ENTRIES SUPPLIED =
---+---
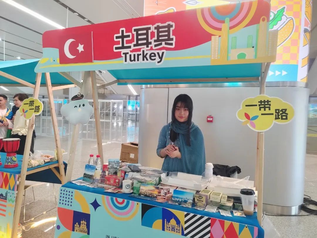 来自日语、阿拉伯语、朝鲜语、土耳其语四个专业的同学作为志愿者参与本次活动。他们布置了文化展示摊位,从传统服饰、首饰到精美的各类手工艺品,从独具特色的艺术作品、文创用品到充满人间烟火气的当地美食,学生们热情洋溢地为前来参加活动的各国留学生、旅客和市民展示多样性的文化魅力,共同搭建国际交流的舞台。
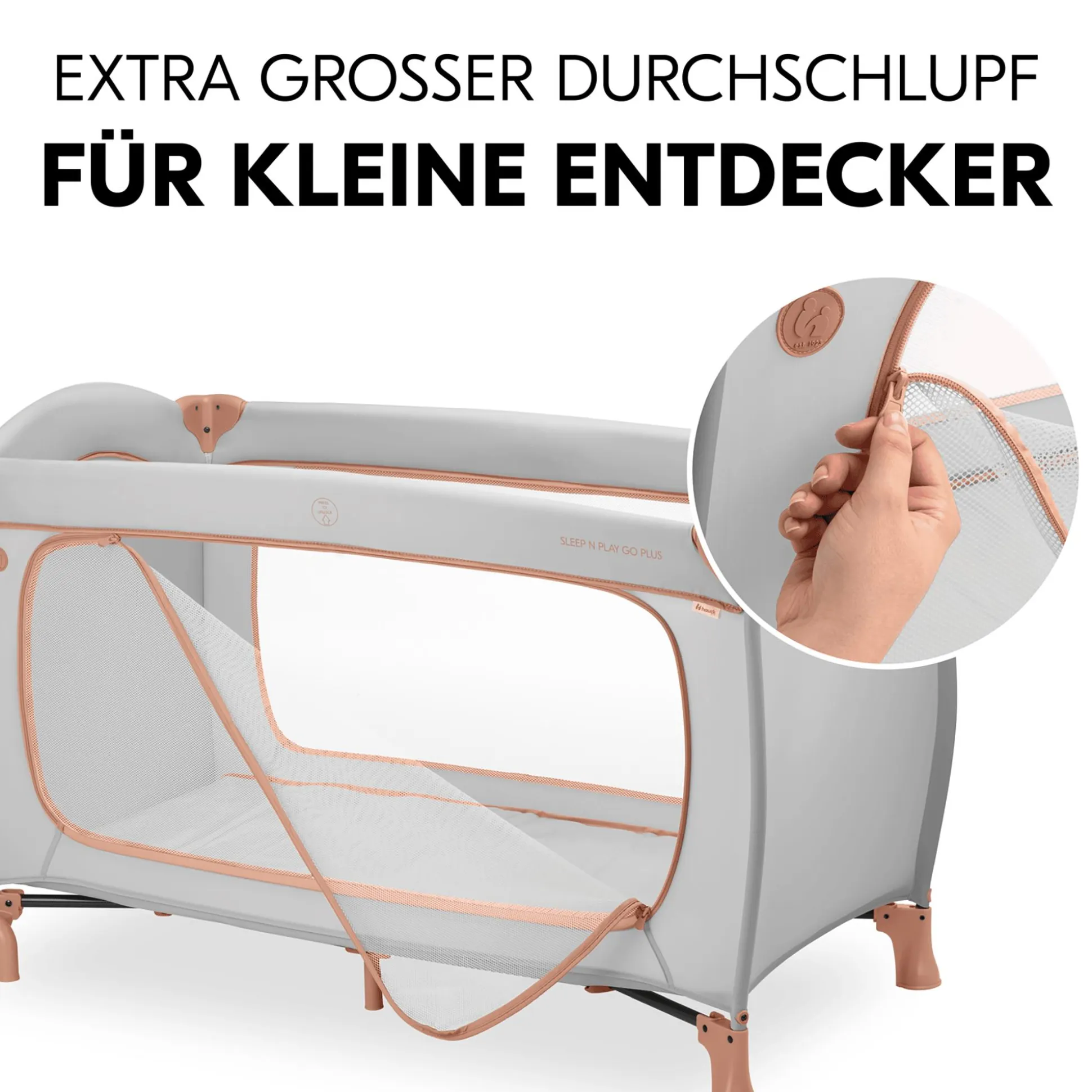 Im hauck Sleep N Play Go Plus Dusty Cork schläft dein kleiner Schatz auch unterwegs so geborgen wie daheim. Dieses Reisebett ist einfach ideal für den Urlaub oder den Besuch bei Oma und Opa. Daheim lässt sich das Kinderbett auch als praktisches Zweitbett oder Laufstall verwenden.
---+---
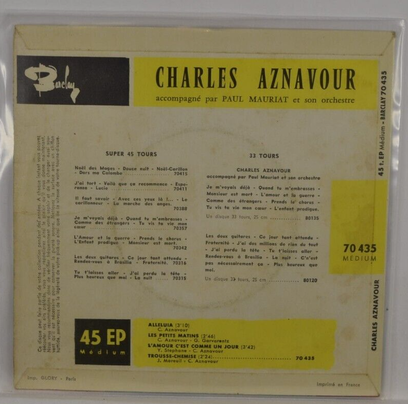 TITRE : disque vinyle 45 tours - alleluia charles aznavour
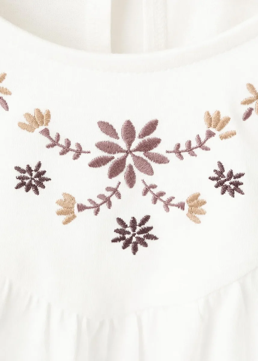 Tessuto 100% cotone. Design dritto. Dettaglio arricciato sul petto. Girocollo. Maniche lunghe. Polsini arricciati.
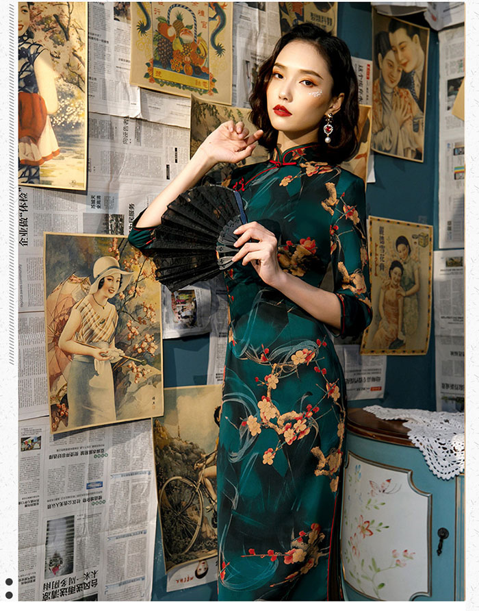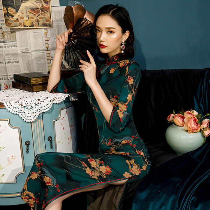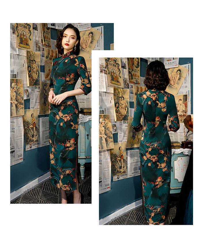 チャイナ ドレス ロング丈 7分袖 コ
---+---
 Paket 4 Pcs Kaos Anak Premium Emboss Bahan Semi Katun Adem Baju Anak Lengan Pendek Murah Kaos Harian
---+---
EXERCISE BRIEF = Lines from the one above containing "来自日语、阿拉伯语、朝鲜语、" down to the one containing "Im hauck Sleep" should be transcribed exactly, with both ends kept and no pictures.

REPLY TO THE EXERCISE =
 来自日语、阿拉伯语、朝鲜语、土耳其语四个专业的同学作为志愿者参与本次活动。他们布置了文化展示摊位,从传统服饰、首饰到精美的各类手工艺品,从独具特色的艺术作品、文创用品到充满人间烟火气的当地美食,学生们热情洋溢地为前来参加活动的各国留学生、旅客和市民展示多样性的文化魅力,共同搭建国际交流的舞台。
 Im hauck Sleep N Play Go Plus Dusty Cork schläft dein kleiner Schatz auch unterwegs so geborgen wie daheim. Dieses Reisebett ist einfach ideal für den Urlaub oder den Besuch bei Oma und Opa. Daheim lässt sich das Kinderbett auch als praktisches Zweitbett oder Laufstall verwenden.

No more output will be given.